The processor switch module (PXM) becomes unresponsive after 466 or more days. Users are unable to use the change card (cc) command to get to the card, and statistics collection slows down or stops. The standby PXM may not get updates. In some instances added ports may not register on the PXM.

Note: For the purposes of this field notice, the term PXM refers to all the modules listed in the Products Affected section.

Background

This anomaly is the result of mishandling a system clock rollover. Depending on which tasks are scheduled beyond when the rollover of 0xF0000000 occurs, different symptoms will be manifest.

The operating system simultaneously maintains two independent datastructures which are used to keep an accurate representation of the time. One of these is a 32-bit counter which reflects the number of ticks (one tick is equal to ten msec) since the card was reset. This counter will rollover every (2^32/100) seconds, which is equal to 497.1 days. By itself, the clock rollover is handled correctly.

As part of its realtime preemptive multitasking environment, the operating system allows tasks to schedule delays. This feature is used extensively by MGX appliation software. The issue described above arises when a delay is scheduled to expire after the 32-bit counter rolls over. Due to a bug in the operating system, when this situation occurs the clock will jump ahead by the amount of the scheduled delay. Depending on the value of the delay, this jump can be very larg. Vvalues as large as 31 days are used in application software.

A discontinuous jump in the time can have far-reaching and severe consequences.
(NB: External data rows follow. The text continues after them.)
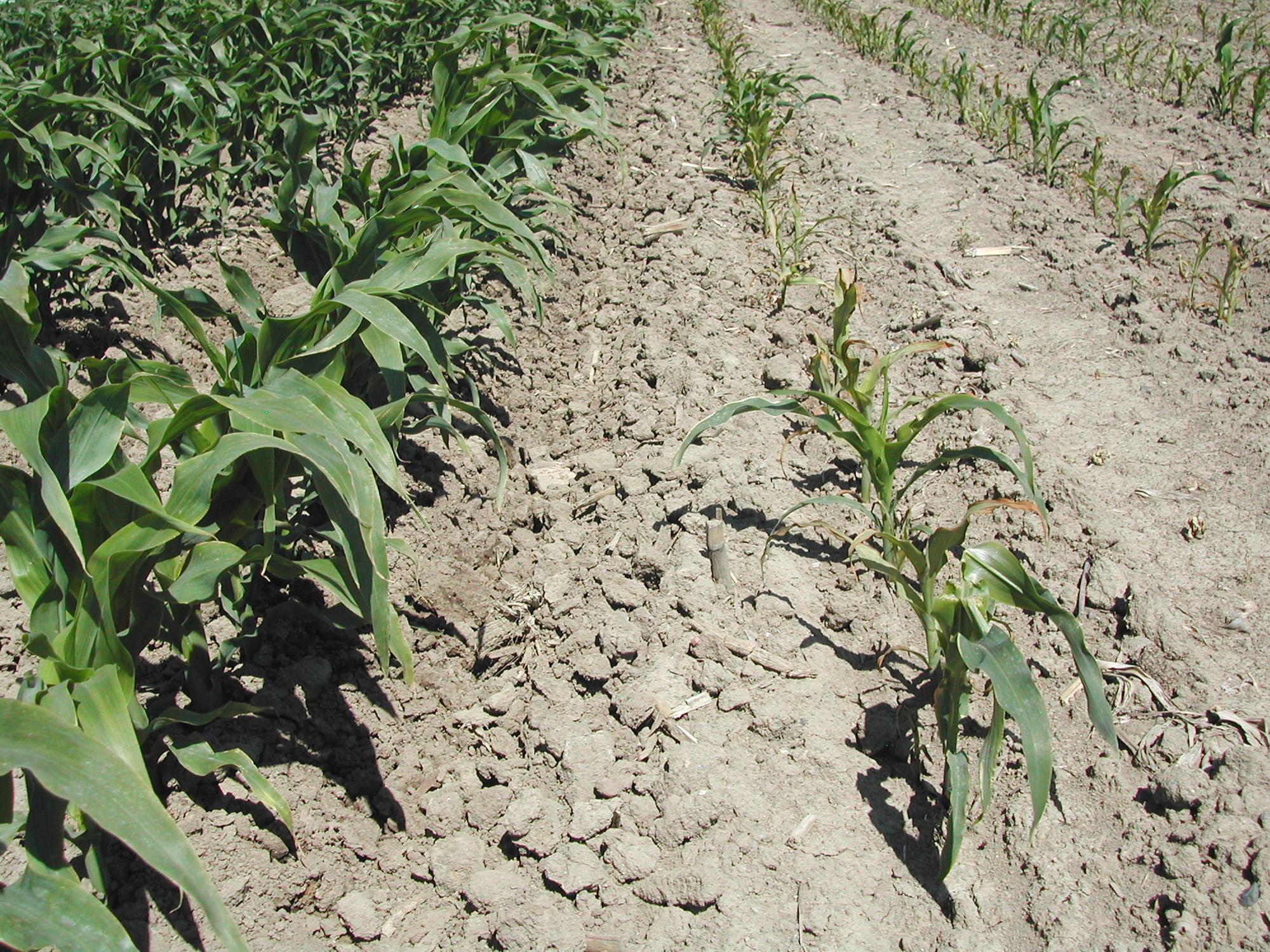 Légende: Plants de maïs grain et fourrager jaunis et faiblement développés
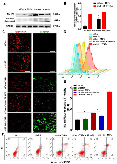 In NR1D1 KD cells, we observed an exacerbated expression of NLRP3 and cleaved caspase-3 upon TNFα stimulation (Figure 8A,B). In contrast, cells treated with SR9009 exhibited a less pronounced decline in mitochondrial membrane potential (MMP), as evidenced by the reduced alteration in JC-1 aggregates and monomers following TNFα stimulation (Figure 8C). Similarly, SR9009 treatment mitigated the increase in cellular ROS levels observed upon TNFα stimulation in NR1D1-deficient cells (Figure 8D,E). Complementing these findings, a flow cytometry analysis indicated that SR9009 treatment resulted in a reduced rate of cell apoptosis under TNFα stimulation compared to NR1D1 KD cells (Figure 8F).
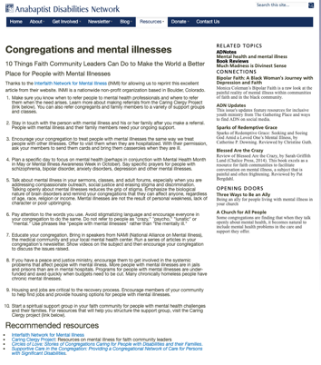 This is an ADN Resource Info Sheet (formerly ADNotes) from Anabaptist Disabilities Network [This article is Reprinted from Interfaith Network for Mental Illness (INMI)]
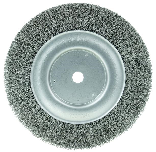 Weiler 8" Maximum Density Crimped Wire Wheel Brush features increased fill density for greater brushing action, longer life and consistent performance in the most demanding applications requiring the flexibility of a crimped wire wheel. 5/8" arbor hole for use on bench/pedestal grinders.
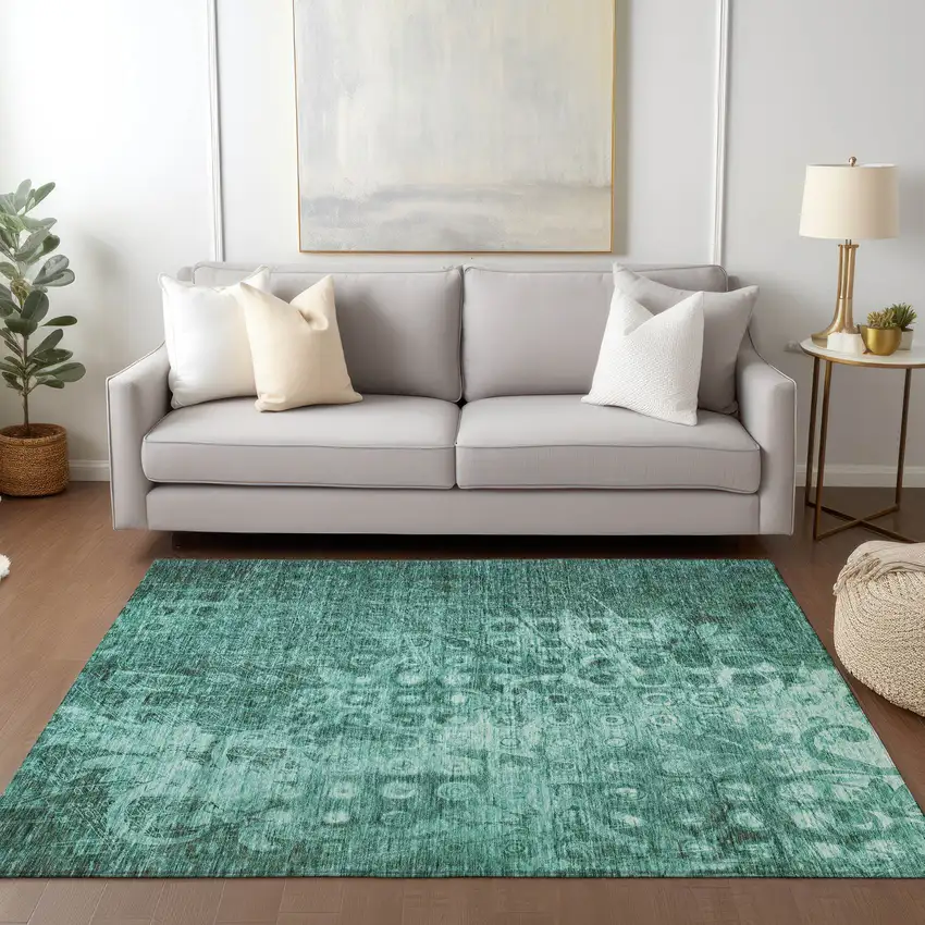 Add great coloration and comfortable texture to your space with this 9-foot x 12-foot teal ikat washable non skid indoor outdoor area rug. This rectangle shaped rug features a ikat design that will work well both indoors or out. A classic shape marries with good looking design for your living room, hall, bedroom, porch, patio, or poolside. Ideal for outdoor spaces or high traffic areas with kids and pets, this rug is made from heavy duty polyester that is stain resistant to help repel water, dirt, and stains. Versatile in use, durable, and easy to maintain, this rug is an ideal solution to add a decorative and inviting touch to your indoor or outdoor space. 108-inch h x 144-inch w x 0.19-inch d
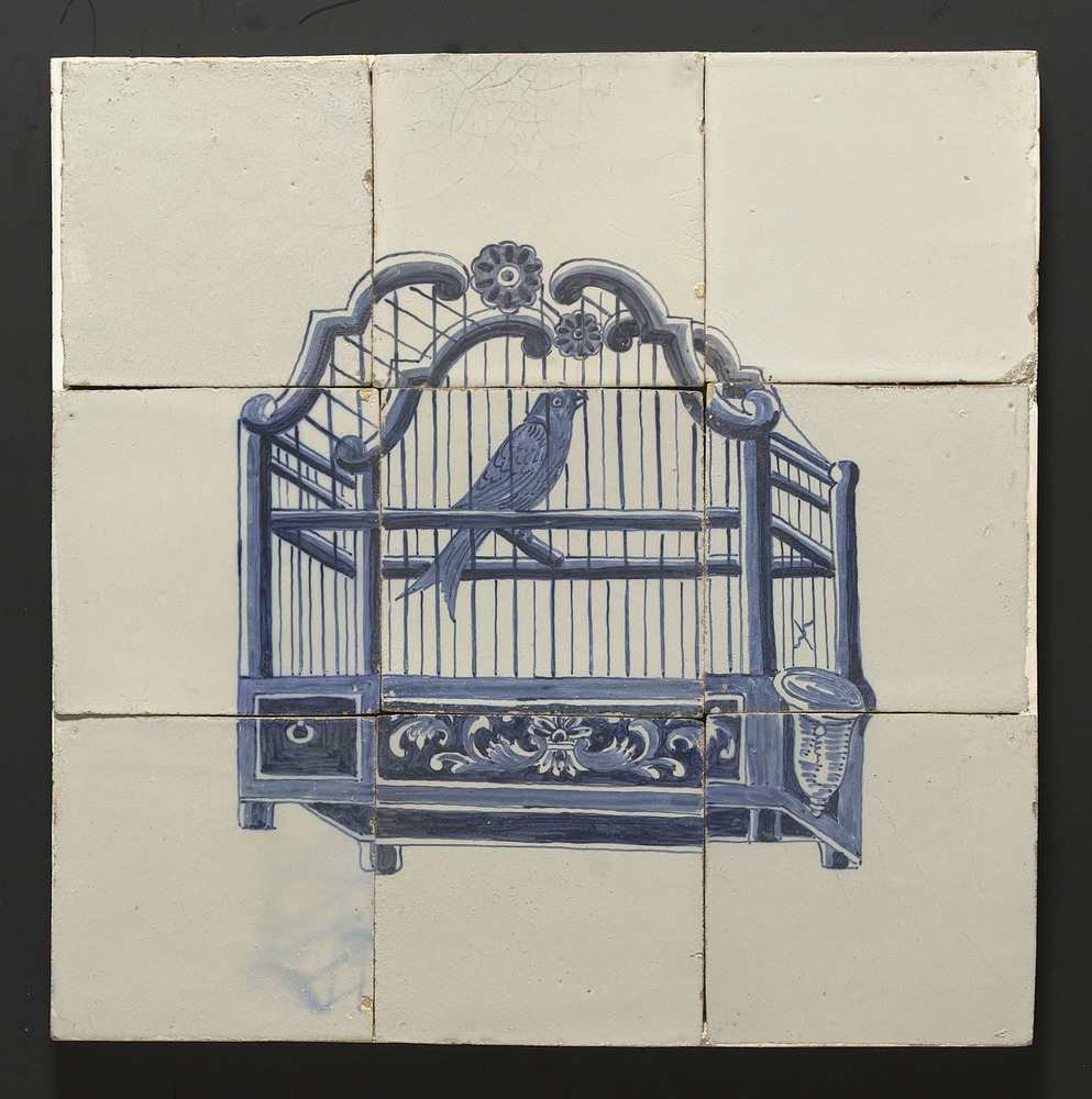 Tegeltableau van keramiek, tinglazuur, voorstellende...
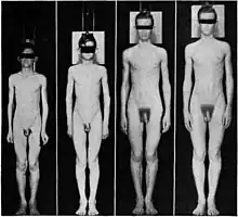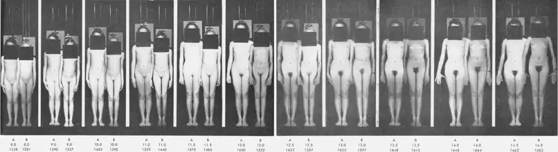 - 1 2 3 Tanner JM, Davies PS (1985). "Clinical longitudinal standards for height and height velocity for North American children". The Journal of Pediatrics. 107 (3): 317–329. doi:10.1016/S0022-3476(85)80501-1. PMID 3875704.
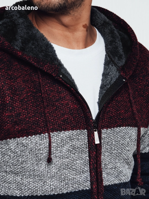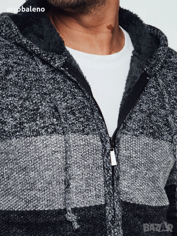 Този мек и стилен пуловер с качулка е перфектният избор за по-студените дни. Комбинация от комфорт и топлина, която ще ви държи топли при всякакви условия. Раираният модел добавя характер, а вътрешната подплата осигурява изключителен топлинен комфорт. Идеален за ежедневен стил.
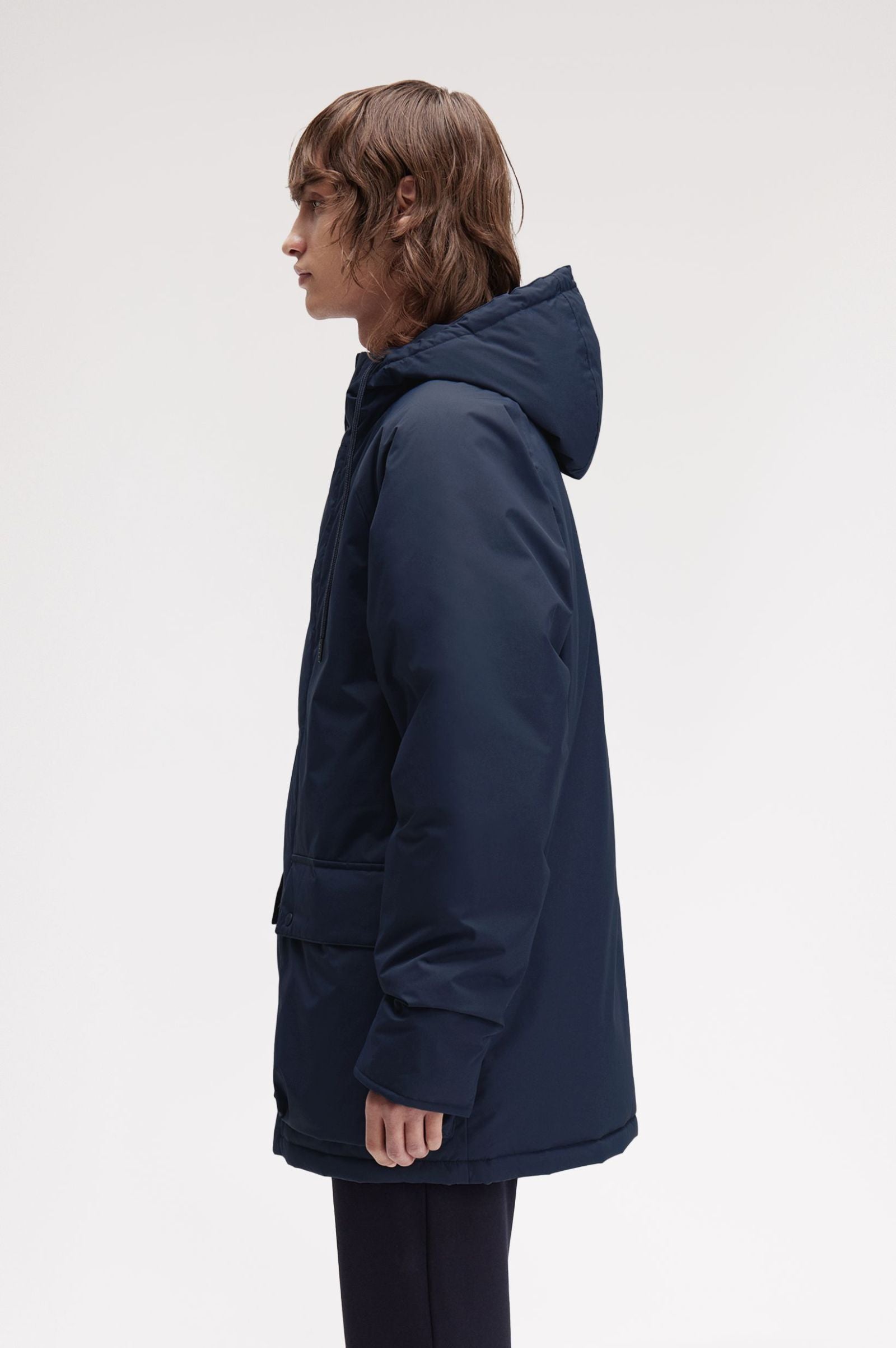 A smart-looking coat with all the functional features, our padded zip-through jacket comes with storm cuffs, packable hood, and zip conceal panel with snap fastenings to keep the wet out. A raglan sleeve is a subtle nod to our sporting heritage, and fully recycled shell and lining fabrics feel crisp, warm, and dry. A Fred Perry's essential to see you through even the worst British winter (and, let’s face it, summer).
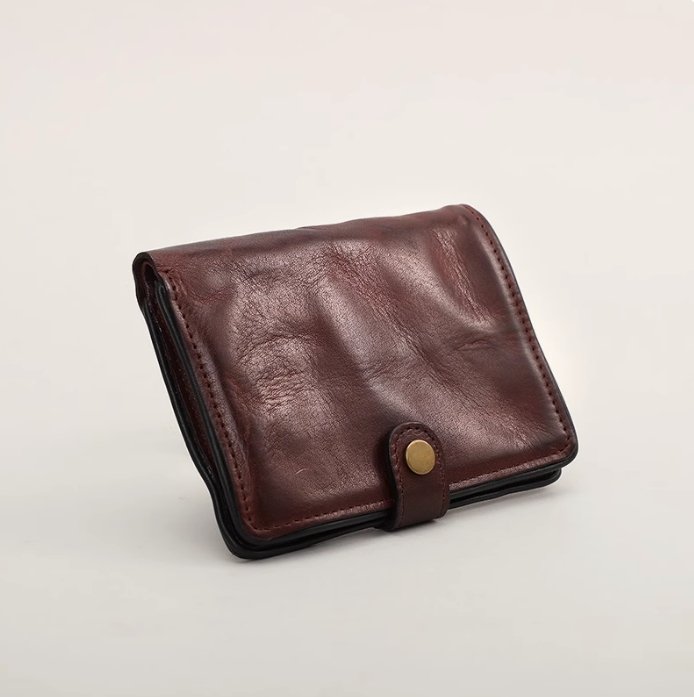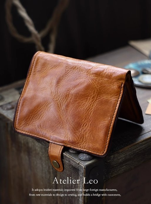 AtelierLeo 植鞣皮短款錢包男真皮豎款牛皮皮夾手工復古駕駛證卡包

Since this jump is local to the card, inconsistencies arise between the card and external entities, such as statistics collectors. More dangerous is the fact that tasks with regularly scheduled activities will have their timers expire at unpredictable times, often immediately. As a result, activites which should occur at regularly spaced intervals will occur in rapid-fire sequence. This failure of the timer infrastructure leads to excessive CPU utilization and message flooding, resulting in severe degradation of the node.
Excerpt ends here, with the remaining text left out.